Give the listing again word for word, excluding the pictures it contains.

**Dataset section**:
--------------------------------

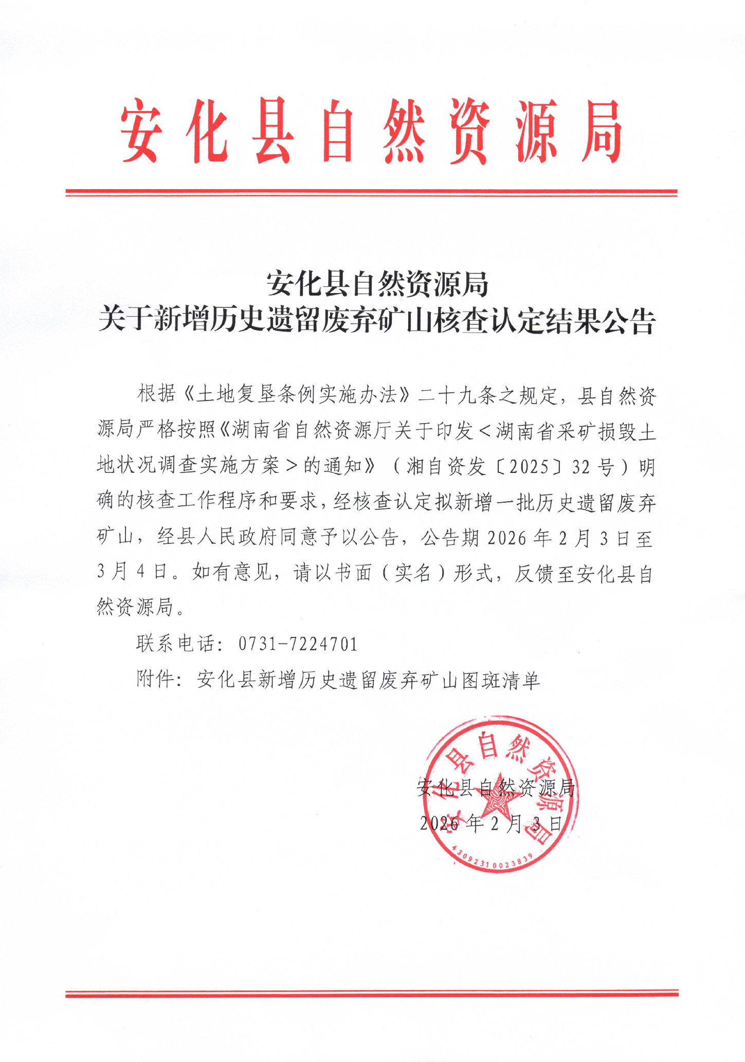 关于新增历史遗留废弃矿山核查认定结果公告
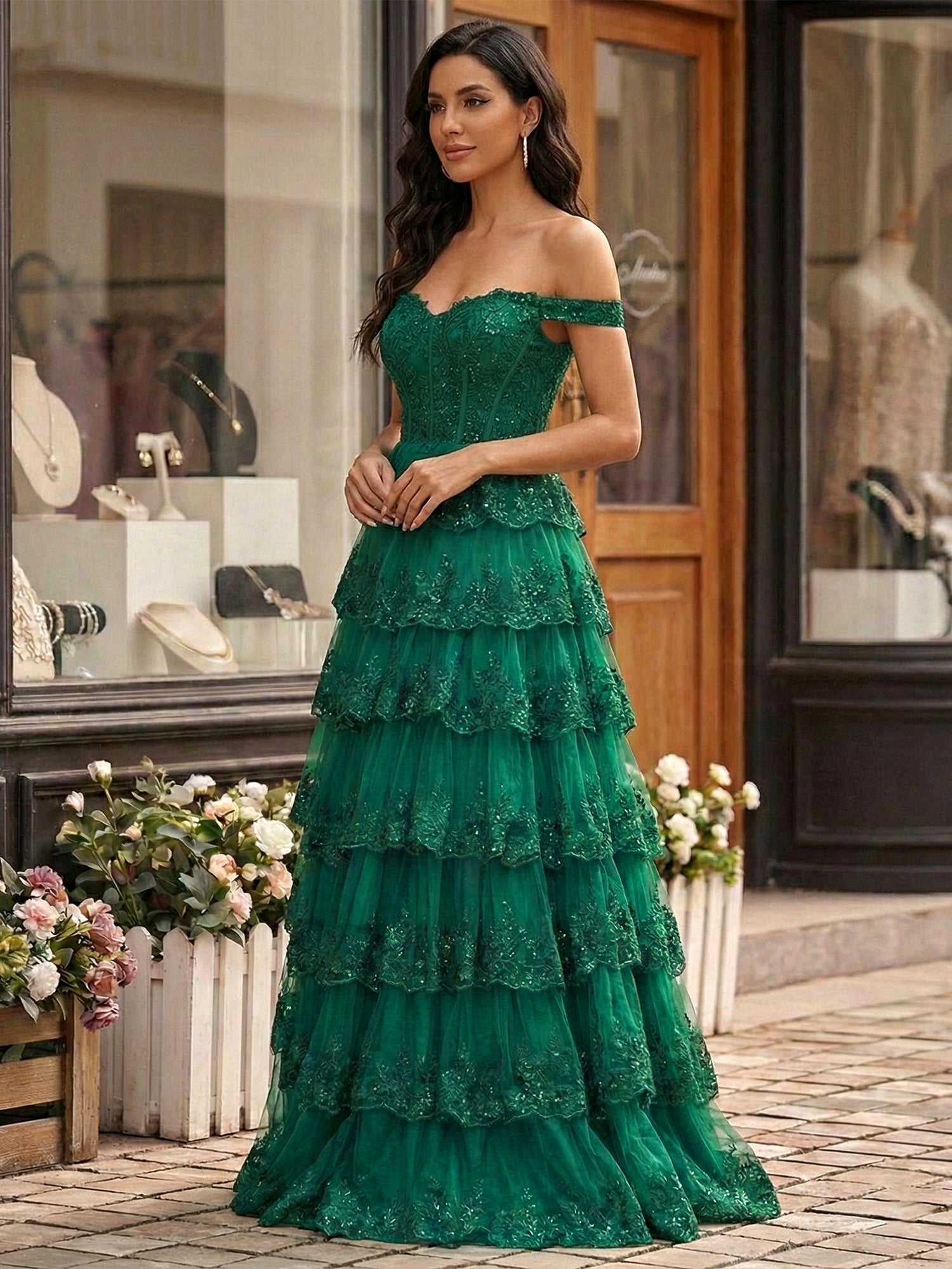 Exude royal elegance in this breathtaking emerald green prom gown, designed to make a commanding statement at any formal event. The bodice features a romantic off-the-shoulder sweetheart neckline with sheer straps that drape gracefully over the arms. A structured corset bodice with visible boning is overlaid with intricate floral lace embroidery that trickles down past the waist. The skirt is a dramatic masterpiece of volume, crafted from layers of tulle arranged in cascading tiers, each edged with matching lace appliqué for a rich, textured look. The deep forest green hue adds a sense of mystery and sophistication, making this gown perfect for winter galas, black-tie weddings, or a show-stopping prom entrance.
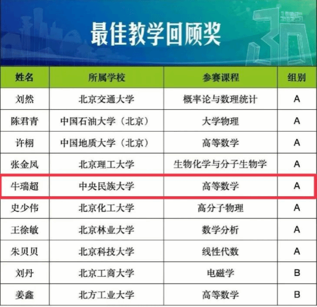新闻网讯 近日,在北京高校第十四届青年教师教学基本功比赛中理学院教师牛瑞超,以高等数学中《曲面的面积》一节作为参赛内容,荣获理科类一等奖,并荣获“最佳教案奖”与“最佳教学回顾奖”两项单项奖。
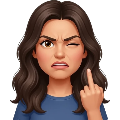 Very Angry pretty latina cussing with long hair and sticking up her middle finger emoji | AI Emoji Generator

--------------------------------

**Exercise response**:
 关于新增历史遗留废弃矿山核查认定结果公告
 Exude royal elegance in this breathtaking emerald green prom gown, designed to make a commanding statement at any formal event. The bodice features a romantic off-the-shoulder sweetheart neckline with sheer straps that drape gracefully over the arms. A structured corset bodice with visible boning is overlaid with intricate floral lace embroidery that trickles down past the waist. The skirt is a dramatic masterpiece of volume, crafted from layers of tulle arranged in cascading tiers, each edged with matching lace appliqué for a rich, textured look. The deep forest green hue adds a sense of mystery and sophistication, making this gown perfect for winter galas, black-tie weddings, or a show-stopping prom entrance.
新闻网讯 近日,在北京高校第十四届青年教师教学基本功比赛中理学院教师牛瑞超,以高等数学中《曲面的面积》一节作为参赛内容,荣获理科类一等奖,并荣获“最佳教案奖”与“最佳教学回顾奖”两项单项奖。
 Very Angry pretty latina cussing with long hair and sticking up her middle finger emoji | AI Emoji Generator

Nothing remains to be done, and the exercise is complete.